Дед, вроде, успокоился и притих.
– Так слышь, дед, – начал я докапываться. – Откуда ты всё-таки слова эти знаешь? По фене, что ли, ботаешь?
– А слово «бомж» разве не грубо звучит? – неожиданно спросил он.
– Ну, согласен… А при чём тут?.. И чё ты привязался ко мне с этим словом?!
Старик помолчал, а потом решил высказаться:
– Там, за дверью, один сначала шмальнул, потом крикнул: менты, менты! И убежал. Вскоре прибежали эти… Ну, менты, наверное. Потом ещё понаехало. Переговаривались, значит, между собой. Про висяк этот… Так что таким опытным бомжам, как мы с тобой, не трудно догадаться, что было дальше… Два плюс два сложить.
– Да, дед… А про «шмальнул» тебе, значит, висяк нашептал перед тем, как коньки отбросить?
– Не, в книжке одной вычитал. Про ментов.

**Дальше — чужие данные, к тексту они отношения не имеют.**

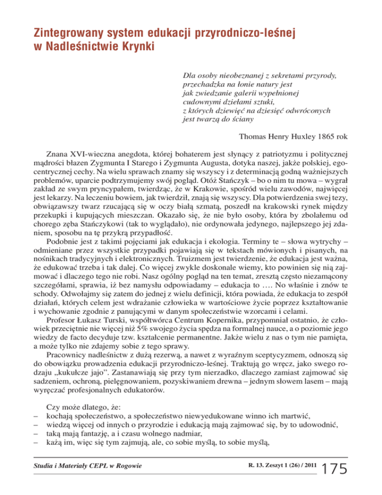 Zintegrowany system edukacji przyrodniczo-leœnej w Nadleœnictwie Krynki Dla osoby nieobeznanej z sekretami przyrody, przechadzka na ³onie natury jest jak zwiedzanie galerii wype³nionej cudownymi dzie³ami sztuki, z których dziewiêæ na dziesiêæ odwróconych jest twarz¹ do œciany Thomas Henry Huxley 1865 rok Znana XVI-wieczna anegdota, której bohaterem jest s³yn¹cy z patriotyzmu i politycznej m¹droœci b³azen Zygmunta I Starego i Zygmunta Augusta, dotyka naszej, jak¿e polskiej, egocentrycznej cechy. Na wielu sprawach znamy siê wszyscy i z determinacj¹ godn¹ wa¿niejszych problemów, uparcie podtrzymujemy swój pogl¹d. Otó¿ Stañczyk – bo o nim tu mowa – wygra³ zak³ad ze swym pryncypa³em, twierdz¹c, ¿e w Krakowie, spoœród wielu zawodów, najwiêcej jest lekarzy. Na leczeniu bowiem, jak twierdzi³, znaj¹ siê wszyscy. Dla potwierdzenia swej tezy, obwi¹zawszy twarz rzucaj¹c¹ siê w oczy bia³¹ szmat¹, poszed³ na krakowski rynek miêdzy przekupki i kupuj¹cych mieszczan. Okaza³o siê, ¿e nie by³o osoby, która by zbola³emu od chorego zêba Stañczykowi (tak to wygl¹da³o), nie ordynowa³a jedynego, najlepszego jej zdaniem, sposobu na tê przykr¹ przypad³oœæ. Podobnie jest z takimi pojêciami jak edukacja i ekologia. Terminy te – s³owa wytrychy – odmieniane przez wszystkie przypadki pojawiaj¹ siê w tekstach mówionych i pisanych, na noœnikach tradycyjnych i elektronicznych. Truizmem jest twierdzenie, ¿e edukacja jest wa¿na, ¿e edukowaæ trzeba i tak dalej. Co wiêcej zwykle doskonale wiemy, kto powinien siê ni¹ zajmowaæ i dlaczego tego nie robi. Nasz ogólny pogl¹d na ten temat, zreszt¹ czêsto niezam¹cony szczegó³ami, sprawia, i¿ bez namys³u odpowiadamy – edukacja to …. No w³aœnie i znów te schody. Odwo³ajmy siê zatem do jednej z wielu definicji, która powiada, ¿e edukacja to zespó³ dzia³añ, których celem jest wdra¿anie cz³owieka w wartoœciowe ¿ycie poprzez kszta³towanie i wychowanie zgodnie z panuj¹cymi w danym spo³eczeñstwie wzorcami i celami. Profesor £ukasz Turski, wspó³twórca Centrum Kopernika, przypomnia³ ostatnio, ¿e cz³owiek przeciêtnie nie wiêcej ni¿ 5% swojego ¿ycia spêdza na formalnej nauce, a o poziomie jego wiedzy de facto decyduje tzw. kszta³cenie permanentne. Jak¿e wielu z nas o tym nie pamiêta, a mo¿e tylko nie zdajemy sobie z tego sprawy. Pracownicy nadleœnictw z du¿¹ rezerw¹, a nawet z wyraŸnym sceptycyzmem, odnosz¹ siê do obowi¹zku prowadzenia edukacji przyrodniczo-leœnej. Traktuj¹ go wrêcz, jako swego rodzaju „kuku³cze jajo”. Zastanawiaj¹ siê przy tym nierzadko, dlaczego zamiast zajmowaæ siê sadzeniem, ochron¹, pielêgnowaniem, pozyskiwaniem drewna – jednym s³owem lasem – maj¹ wyrêczaæ profesjonalnych edukatorów. – – – – Czy mo¿e dlatego, ¿e: kochaj¹ spo³eczeñstwo, a spo³eczeñstwo niewyedukowane winno ich martwiæ, wiedz¹ wiêcej od innych o przyrodzie i edukacj¹ maj¹ zajmowaæ siê, by to udowodniæ, tak¹ maj¹ fantazjê, a i czasu wolnego nadmiar, ka¿¹ im, wiêc siê tym zajmuj¹, ale, co sobie myœl¹, to sobie myœl¹, Studia i Materia³y CEPL w Rogowie R. 13. Zeszyt 1 (26) / 2011 175 – – wiedz¹, ¿e niedostatek profesjonalnej informacji o œrodowisku naturalnym jest zwykle szkodliwy dla przyrody, a wiêc i dla lasów, maj¹ œwiadomoœæ, ¿e brak wiedzy przyrodniczo-leœnej determinuje niesprawiedliw¹ ocenê pracy i zawodu leœnika. Trudno nie zauwa¿yæ, ¿e powy¿sze odpowiedzi s¹ tyle merytoryczne, co prowokacyjne. I chocia¿ ¿adnej z nich nie da siê oderwaæ od rzeczywistoœci, to nie sposób nie przyznaæ, ¿e najskuteczniejszym sposobem zapewnienia zrozumienia i poparcia dla pracy leœnika jest kszta³towanie, przez m¹dr¹ edukacjê, w³aœciwej postawy spo³eczeñstwa wobec lasów i problemów leœnictwa. Nie ma uniwersalnej metody nauczania. I dobrze, bowiem ludzka fantazja nie zna granic, a droga naszego rozwoju jest wypadkow¹ ró¿nych koncepcji. Jedn¹ z nich, w obszarze edukacji przyrodniczo-leœnej, wypracowano w Nadleœnictwie Krynki. Zak³ada ona, ¿e edukacja przyrodniczo-leœna jest swoistym produktem (ryc. 1), który poddaje siê zabiegom marketingowym i reaguje na popyt oraz poda¿. Ryc. 1. Zintegrowany produkt edukacyjny Nadleœnictwa Krynki Fig. 1. Integrated educational product of Krynki Forest Inspectorate Podstawow¹ funkcj¹ ka¿dego produktu jest zaspokajanie okreœlonych potrzeb potencjalnych nabywców (klientów). By przybli¿yæ nieco filozofiê budowy naszego, specyficznego produktu w aspekcie jego u¿ytecznoœci, a jednoczeœnie nie uwik³aæ siê w nadmiar naukowych dywagacji pos³u¿my siê piêciopoziomow¹ analiz¹ Kotlera: – poziom pierwszy – po¿ytek podstawowy winien zapewniæ zaspokojenie podstawowych potrzeb zainteresowanego (wiedza przyrodniczo-leœna), – poziom drugi – produkt podstawowy gwarantuje spe³nienie przypisanych mu g³ównych funkcji (infrastruktura, ludzie wyposa¿eni w niezbêdny zakres wiedzy), – poziom trzeci – produkt jest oczekiwany, poniewa¿ odpowiada potrzebom potencjalnego nabywcy (atrakcyjnoœæ, przyjaznoœæ, dostêpnoœæ), – poziom czwarty – istnieje mo¿liwoœæ rozszerzenia produktu o elementy pozytywnie zaskakuj¹ce (niekonwencjonalna postaæ produktu), – poziom pi¹ty – produkt potencjalny w wyniku mo¿liwego rozwoju osi¹gnie now¹ jakoœæ (wzbogacanie infrastruktury, zmiana sposobu przekazu). 176 Waldemar P. Sieradzki Zintegrowany system edukacji przyrodniczo-leœnej... Tak opisawszy nasz produkt o nazwie „Zintegrowany system edukacji przyrodniczo-leœnej” odnajdziemy potwierdzenie, z jednej strony jago kompletnoœci, z drugiej zaœ u¿ytecznoœci. St¹d ju¿ tylko krok do rozszyfrowania samej nazwy produktu, która odzwierciedla cztery jego synergicznie powi¹zane sk³adowe: edukacjê publiczn¹ rozproszon¹, edukacjê lokaln¹ skoncentrowan¹, ekoturystykê i wzorce: Edukacja publiczna rozproszona W

– Ишь ты! В книжке, говоришь? И не из той ли книжки ты мне всё это впариваешь? Про ментов, которым, типа, не до нас? Где ты таких ментов видывал, чтобы из-под носа подозреваемых упускали? Вот они, пожалуйста – на блюдечке с голубой каёмочкой, готовенькие, бери и дело стряпай. И они, типа, внимания не обратили! И место преступления по миллиметрику не обшарили – по части улик, там, или свидетелей!..

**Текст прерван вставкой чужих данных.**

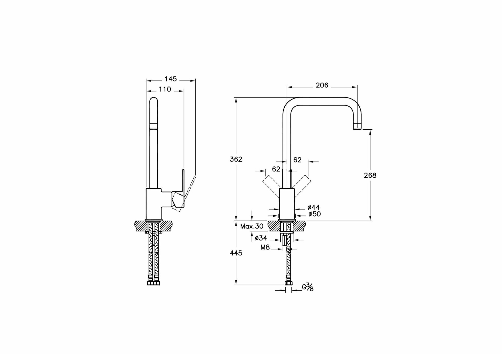 | Подвод воды | шланги / 445 мм / G 3/8" |

Я чуть не задохнулся от возмущения.
– Это – смотря какое дело. Дело, значит, такое, – заключил старик.
– Дело такое?! Да откуда ты знаешь про их дела?!
– Знаю.
* * *
– Не, это, конечно, аргумент… Эти твои «знаю», – сказал я, хлебнув свежеприготовленный кофе. – Особенно учитывая то, что недавно произошло.
– Что произошло? – не понял старик.
Я молча допил кофе и, поразмыслив, выдал сходу:
– Ты… Ну… Вы… Вы что, правда – святитель?
– Чё?
– Да ничё. Проехали.
Внутри у меня всё дрожало – то ли от кофе, то ли так, по непонятной причине. Мне было неловко самому заводить эту тему. И я был виноват, что нарушил данное ему обещание. А там, возможно, тайна какая. Или и впрямь – чудо. Не моего, может, ума и дело. Но без его помощи мне явно не под силу было в этом разобраться.
– Не хочешь, ну и не говори, – пробурчал я и отвернулся к батарее.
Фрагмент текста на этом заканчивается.